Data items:
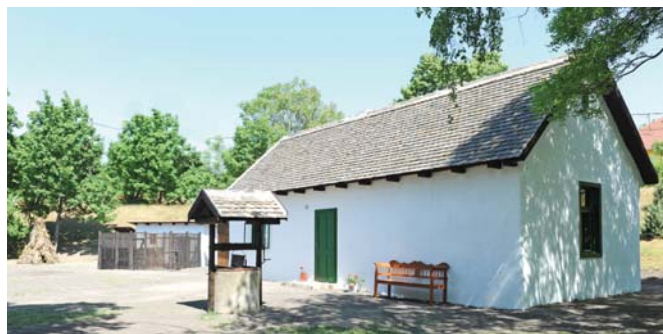
Királyerdei Tájház – lebontott elődje az 1930-as évek közepén épült

dezést kapott, mely élénk tárja az 1930-as évek csepeli átlagemberének mindennapjait, ötvözve a még erősen vidékies élet sajátosságait a gyárvárosi lét szokásaival, használati tárgyaival, helyi vonatkozásokkal.
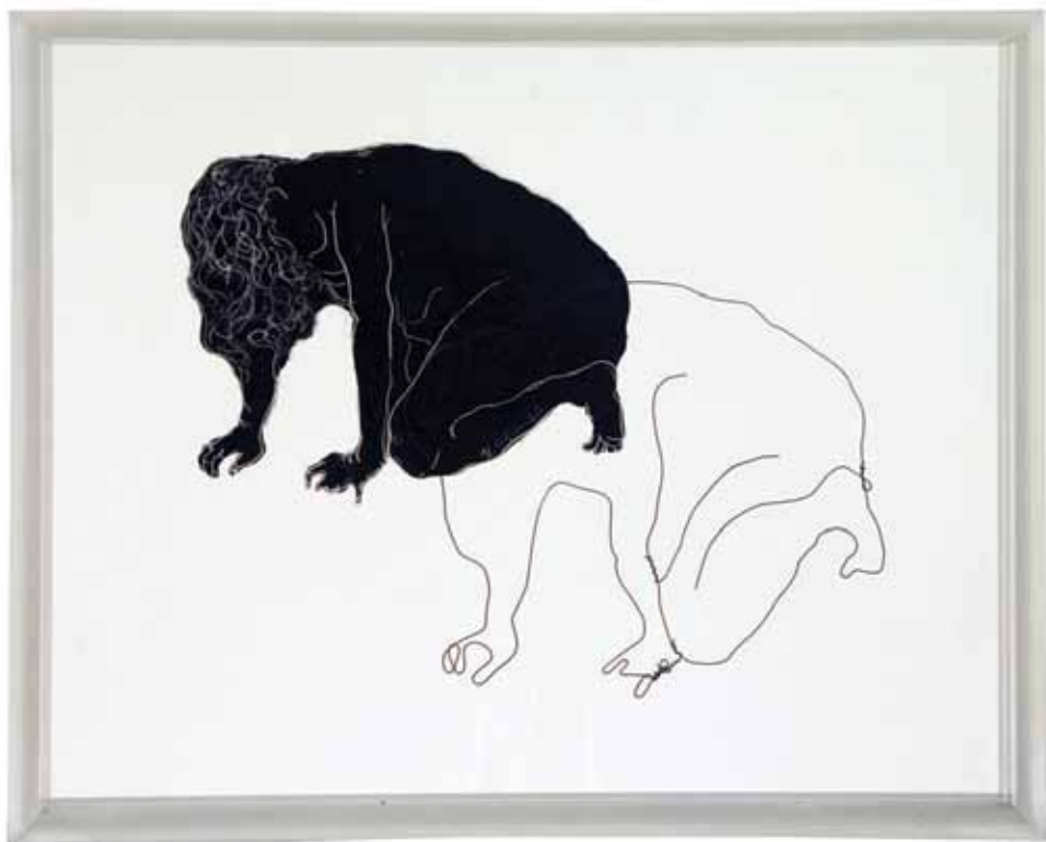
Untitled Wire and Oil on Plexi Glass / 40 x 50 cm
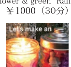
オリジナル CANDLE キャンドル akibi_hitomi ¥800(20分)
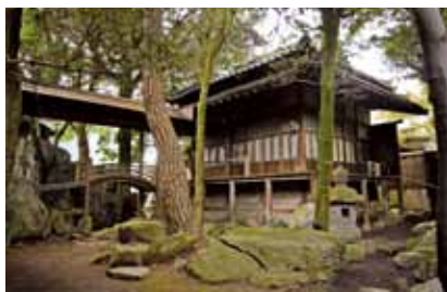
市指定文化財 平田家住宅

市長―小郡校区の皆様から、平田家を中心に様々なルートの開発や観光ガイドの育成などたくさんアイデアをいただきました。歴史資産を積極的に活かしていくこうとする市民の皆様やNPO法人の主體的な取り組みが大きな鍵となりますが、行政として積極的に支援します。
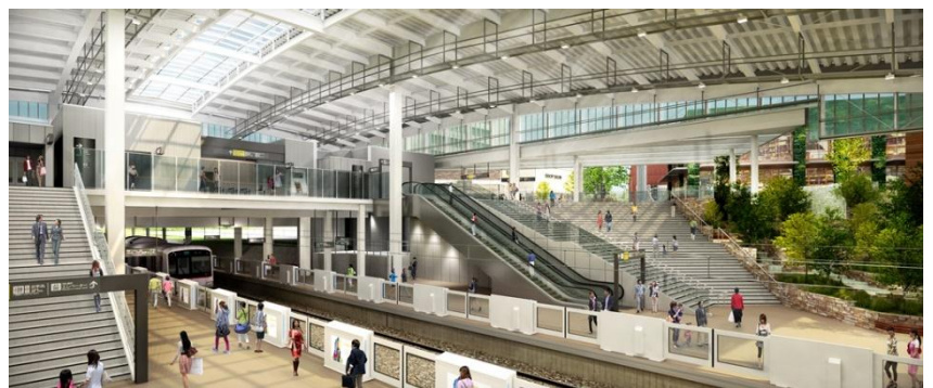
新くなる「南町田グランベリーパーク駅」イメージ
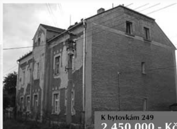
K bytovkám 249 2.450.000,- Kč
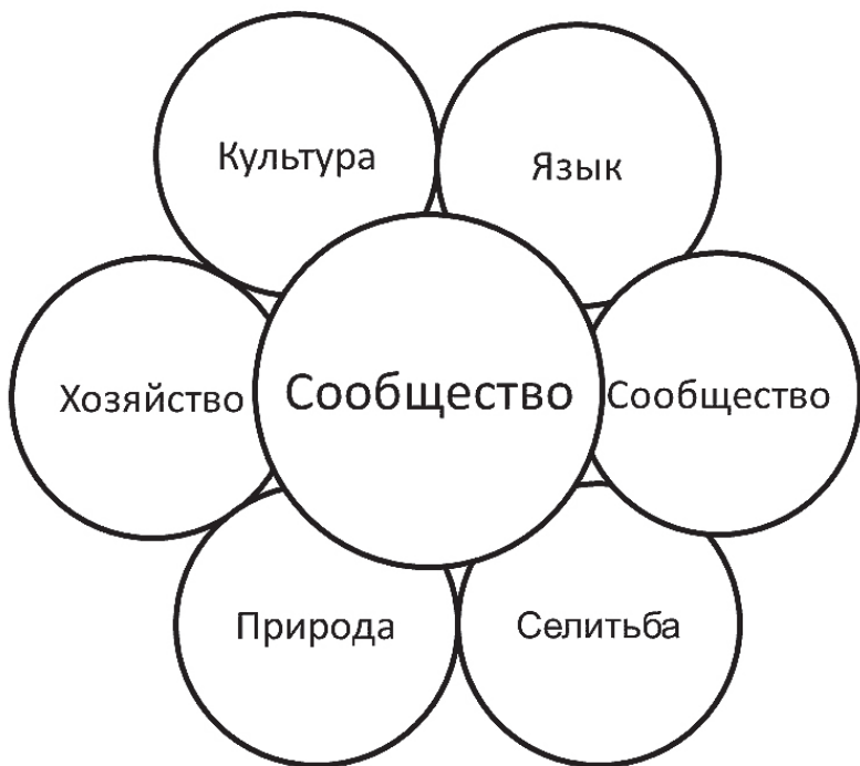
Рис. 1. Исследовательская модель культурного ландшафта [Калуцков 2008]
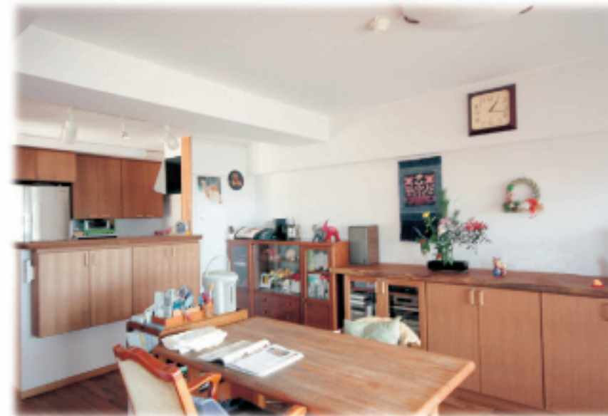
⑨居間は床暖房を設置 全体を広く見せる為にムクカウンター家具は 広く通りました
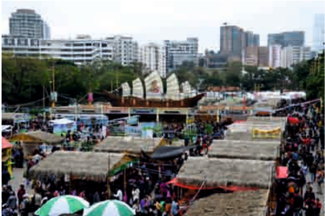
每年一度的本地漁農美食迎春嘉年華推廣本地產品
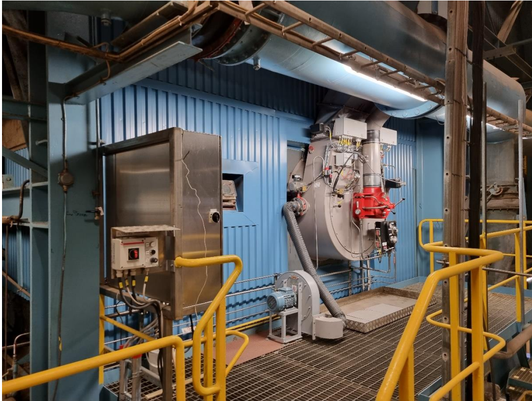
Installation brännare klar. Revision klar.
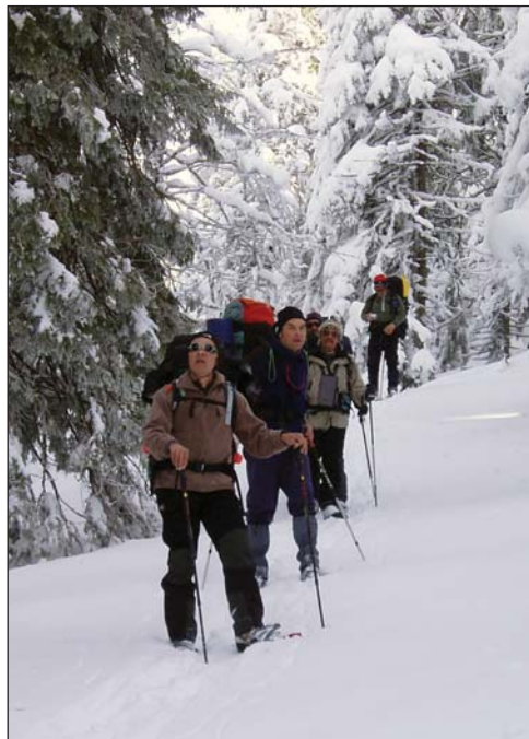
Behavazott fenyvesek a Paptüdője-nyeregben

Vámos László barátunk helyszín és időpont választása remekül sikerült, mikor a Bihart választotta a hótalpas túrára. Két autóval, 9 fővel indultunk, s bár meggyötört minket a hótaposás és az utolsó napi esőzés, lélekben felfrissülve tértünk vissza a hétköznapok Magyarországaiba... (2. old.)
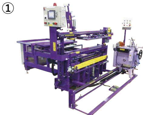
表張・框縫付自動片框裁断機 マルチロボット KTII
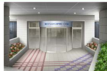
↑ テーマパークをイメージしたツーリズム館エントランスのバース図
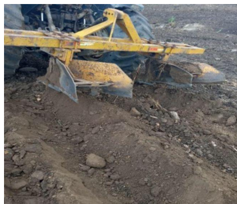
Figura 5- Sulcador
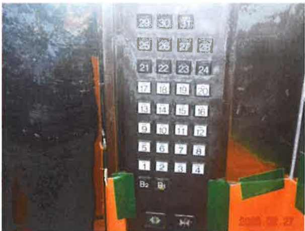
图 4：轿厢操作装置部分按钮存在动作不良
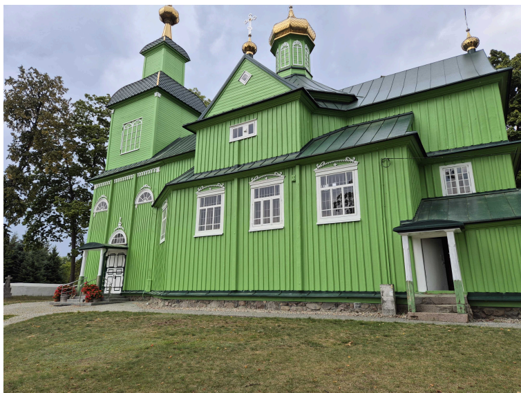
© Ben-Bud Krzysztof Chrościelewski Ben-Bud Krzysztof Chrościelewski
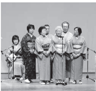
▲ 70 を越える演目を披露

石岡市「芸能祭」が開催 11月26日、中央公民館で第 21回石岡市「芸能祭」が開催 されました。 詩吟・民謡・舞踏の愛好者 の皆さんにより様々な演目が 上演され、訪れた人を楽しま せました。
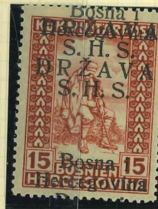
20I DD Certificate
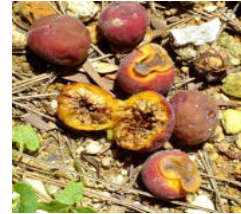
果実はイチヂク状
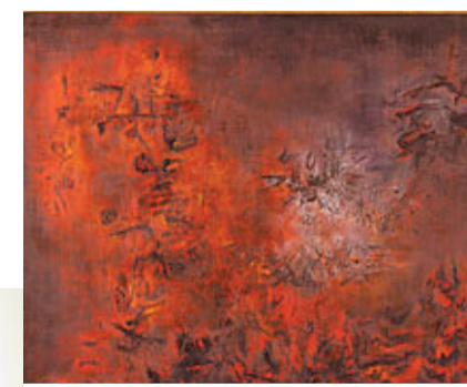
■ 趙無極的罕有之作

又以他於1958年在香港旅遊期間完成的一幅作品最為珍貴。儘管經過歲月洗禮，大部分畫作至今已不同程度破損，但畫作的絕倫價值仍瑕不掩瑜。

WORK ITEM: Filter the lines above, keeping each one that contains the string "évek".

OUTPUT BELOW:
Királyerdei Tájház – lebontott elődje az 1930-as évek közepén épült
dezést kapott, mely élénk tárja az 1930-as évek csepeli átlagemberének mindennapjait, ötvözve a még erősen vidékies élet sajátosságait a gyárvárosi lét szokásaival, használati tárgyaival, helyi vonatkozásokkal.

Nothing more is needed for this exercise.